Reasons for optimism
Despite uncertainties about COVID-19 and tourism globally, hoteliers in the Caribbean and Latin America have reasons to be optimistic, speakers said.
Patricia Boo, area director for Central and South America at STR—parent company of Hotel News Now—said the desire to travel to the region remains high.
“Intentions to travel are very strong. … Latin America has so much to offer. It’s probably going to take longer than what we all would like to see, but it’s definitely going to come back,” Boo said. “I also see a great opportunity for more domestic and inter-regional travel and collaboration.”
John Fareed, managing director and chairman of North America at Horwath HTL, said the latest American Hotel & Lodging Association survey is encouraging, showing that 44% of U.S. travelers are looking to take a trip in 2020. However, that’s domestic travel.
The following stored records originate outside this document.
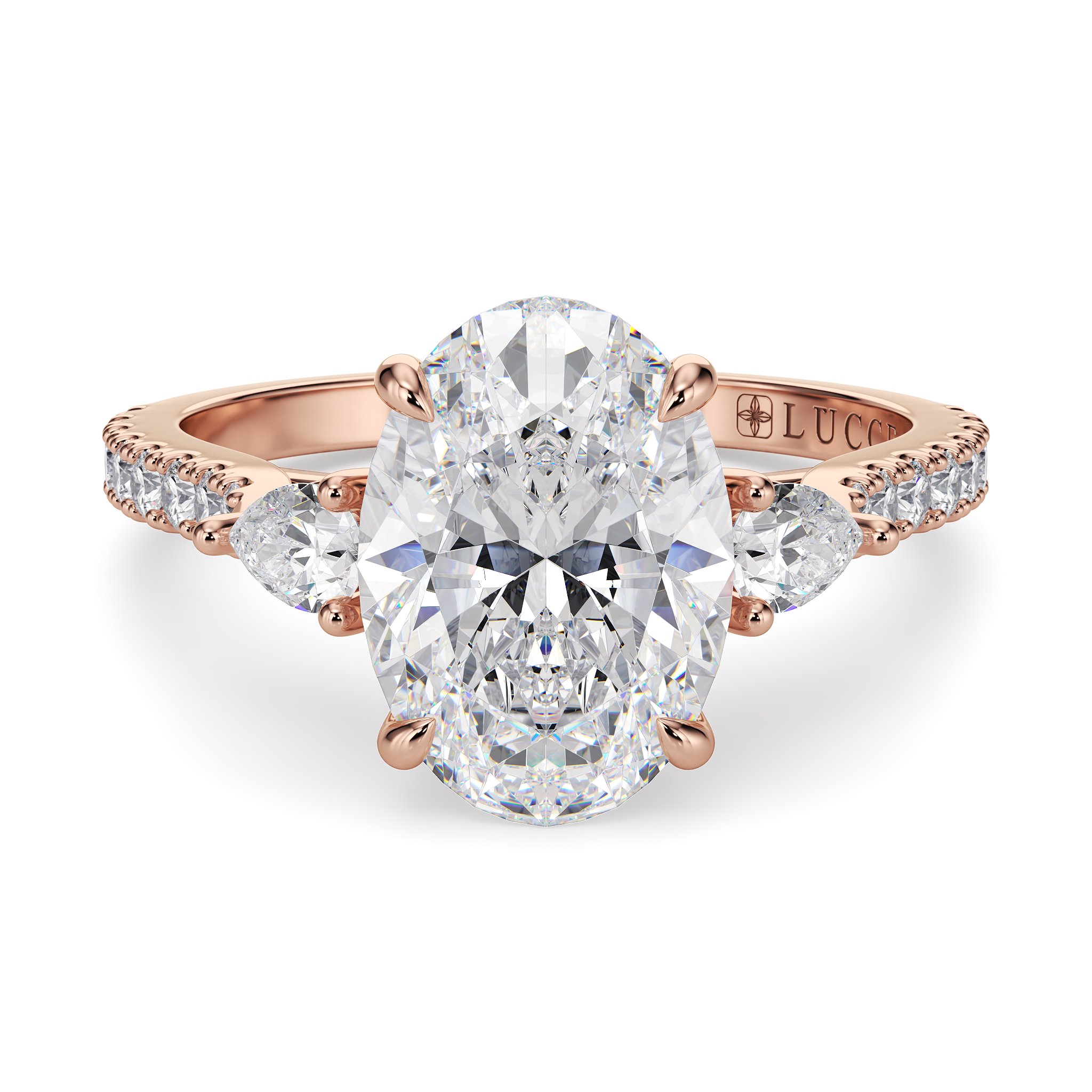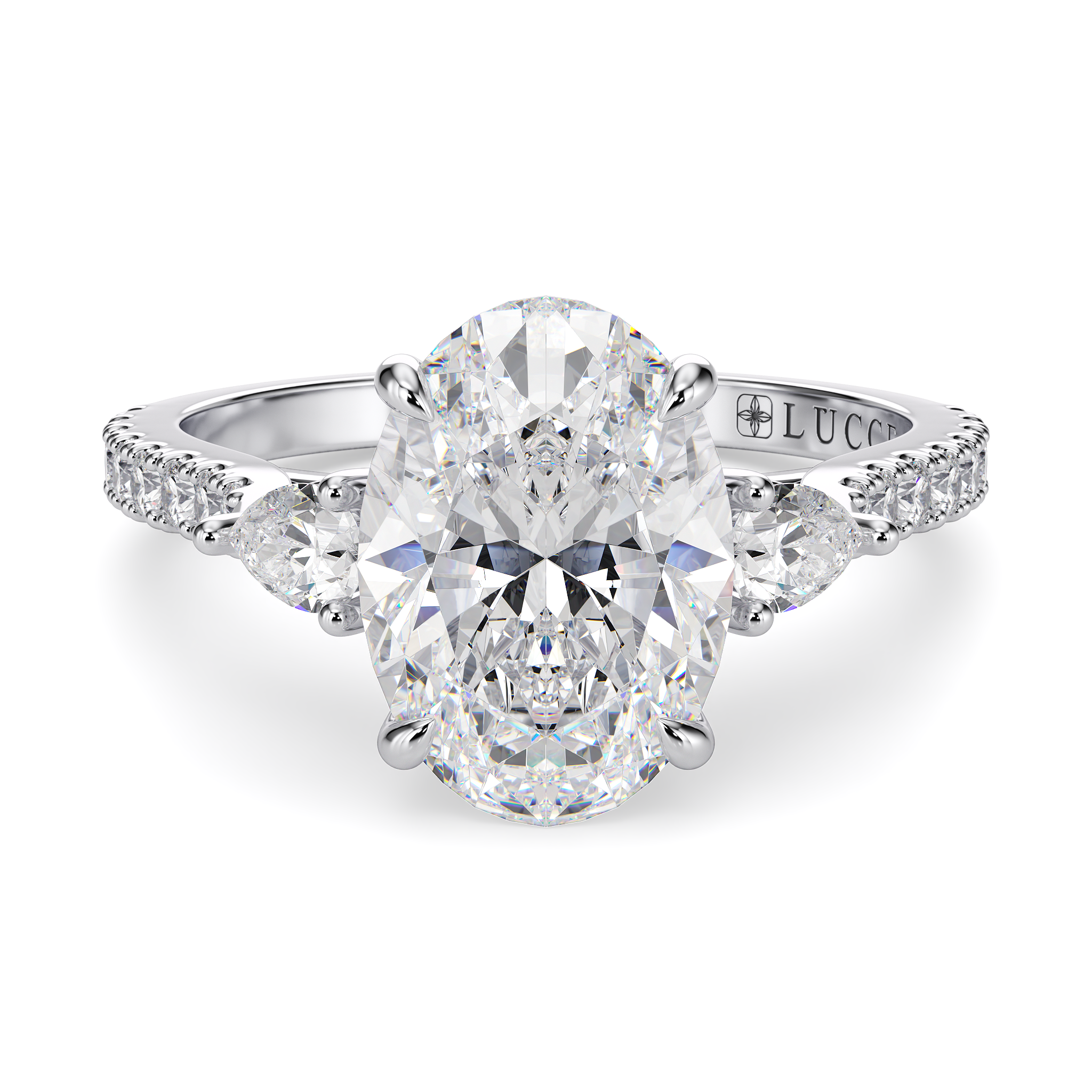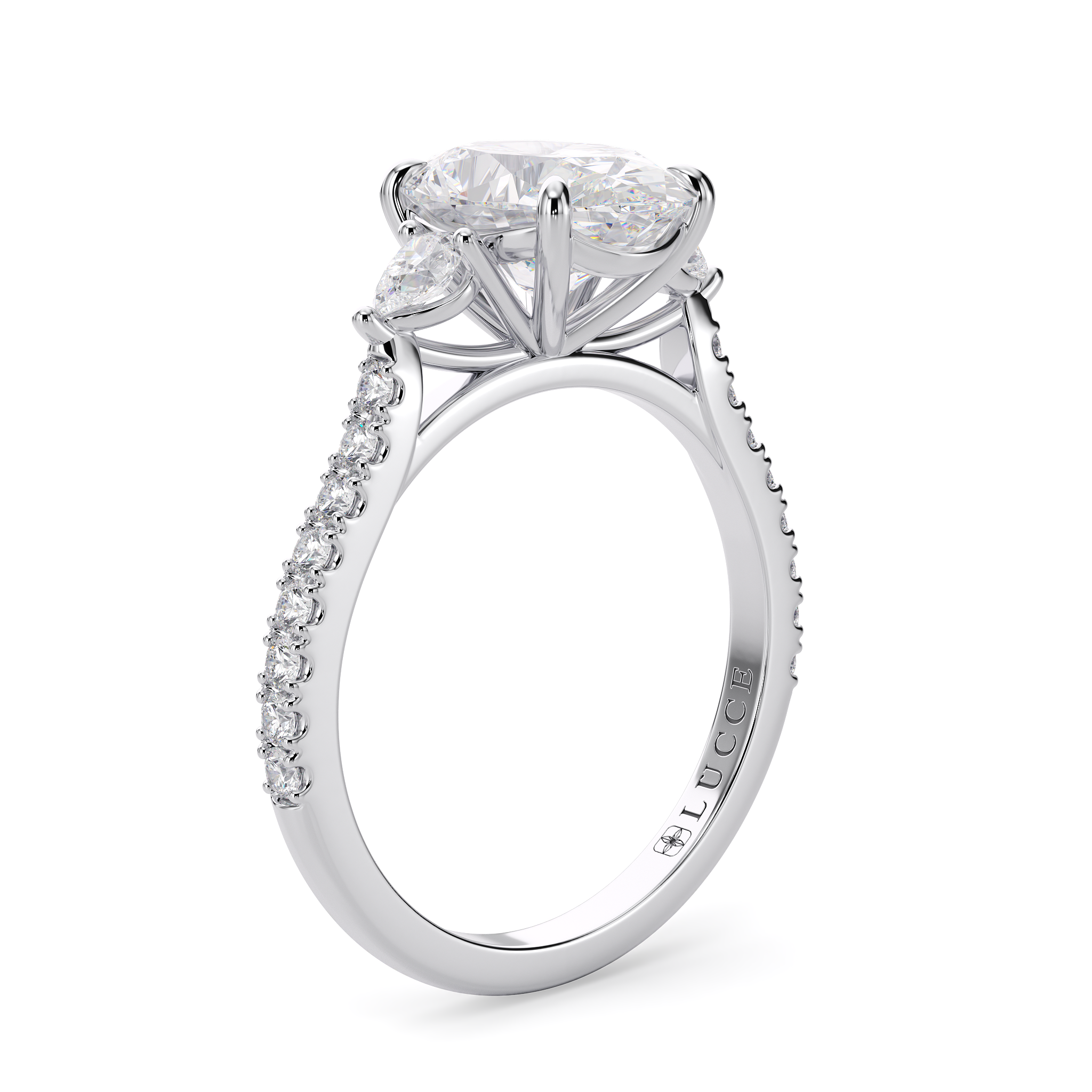 This forever piece is Lucce’s modern take on the timeless three-stone ring with a pavé band. The oval cut engagement ring's trio of diamonds blooms like a bouquet, each stone representing the love you’ve shared in the past, share in the present, and will share in the future. It’s like saying I love you, not just once, but as a promise you’ll keep whispering for a lifetime.
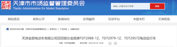 天津金箭电动车有限公司召回部分金箭牌TDT2988-1Z、TDT2979-1Z、TDT2957Z电动自行车
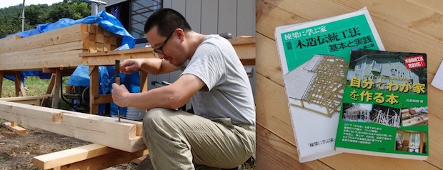 建築の教科書にしたのは氏家誠悟さんの『自分でわが家を作る本』(山と溪谷社)。セルフビルドのバイブルというか、教科書となるのはこの本くらいしかないんです。細かい技術のお手本にしたのはネット上にある大工さんのサイトや動画でした。『自分でわが家を〜』を読んで概要を把握し、細かい技術はプロ向けの技術書を引き、わからなければネット動画を確認する。今ではネット上にお手本がたくさんあるので、本よりも簡単に、感覚的に学べますね。
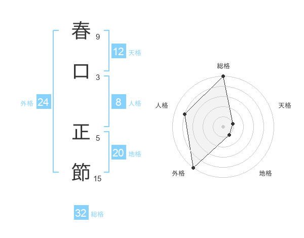 春口 正節さんの総格は32画の5点!

“We also have to remember that a lot of these consumers in the very beginning of COVID got burned. They got stuck in a destination for an extended period of time or they got stuck on a cruise ship and friends and family saw this,” he said. “A lot of people who had travel that was planned and got canceled are still waiting on the deposits to come back. Here we are in July, they’ve still not received their deposits from trips that were scheduled in March or April from the airlines and the cruise lines and (online travel agencies).”
Fareed added the level of pent-up demand for beach destinations and the Caribbean and Latin America resort destinations could indicate a quicker path to recovery than in other global regions.
“We’re going to see a return to normal business more quickly than we would expect,” Fareed said.
The time for innovation in the hotel industry is now, and Basso said collaboration and sharing of ideas—even among competitors—is encouraged.
“My call to the industry right now would be if you come up with an innovative idea that can save lives that can accelerate the recovery, share that with others, because we simply cannot afford not to do that at this stage,” Basso said.